Deutsche Bank London, RZB, Bank Austria Creditanstalt and Bayerische Hypo- und Vereinsbank have been jointly mandated to arrange a US$100mn syndicated term loan for Nurbank, Kazakhstan. Proceeds will be used to finance specific trade finance transactions of select clients of Nurbank.
The mandated lead arrangers will soon launch the senior phase of syndication, which will be targeted primarily at Nurbank’s existing core relationship banks as well as a select group of banks active in the CIS financial institutions market.
The loan is priced at 1.65% per year. There is an extension option following completion of the two-year term
Nurbank was established with the support of the Akimat (local regional authorities) of Atyrau. Nurbank is a mid-sized bank with good asset quality, strong capitalisation and financial performance.
Previously it was the largest regional bank headquartered in Atyrau City, located in the western part of the country where most of the oil business is centred. Since 2003 the bank has relocated its head office to Almaty, the financial capital of the country, for more business opportunities.
Nurbank is a universal financial institution providing core banking activities. The Bank’s primary business consists of corporate and retail banking. With an extensive branch network, covering all the country’s major economic regions, the bulk of the bank’s revenues come from corporate banking.
However, the bank’s main strategy is to focus on increasing its SME business and retail market shares in the strategically important industrial and financial regions of Kazakhstan. At the end of 2006, Nurbank was ranked seventh in the country in terms of total assets.
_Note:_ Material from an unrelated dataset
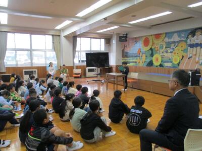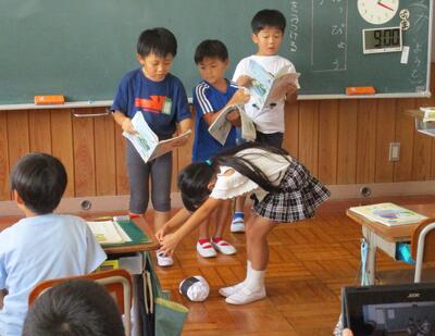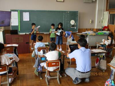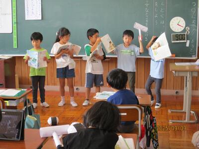 9月9日、1年生が「おむすびころりん」の音読劇発表会を行いました。

Nurbank benefits from its supportive ownership structure, consisting of a number of local companies. Since Nurbank’s change in ownership in 1999, shareholders have recapitalised the bank regularly. As of January 1, 2007, Nurbank’s total capital, calculated in accordance with FMSA requirements, was Kt24.313bn, including Tier I capital of Kt21.222bn (an increase by 79.26% as compared with that index as of January 1, 2006).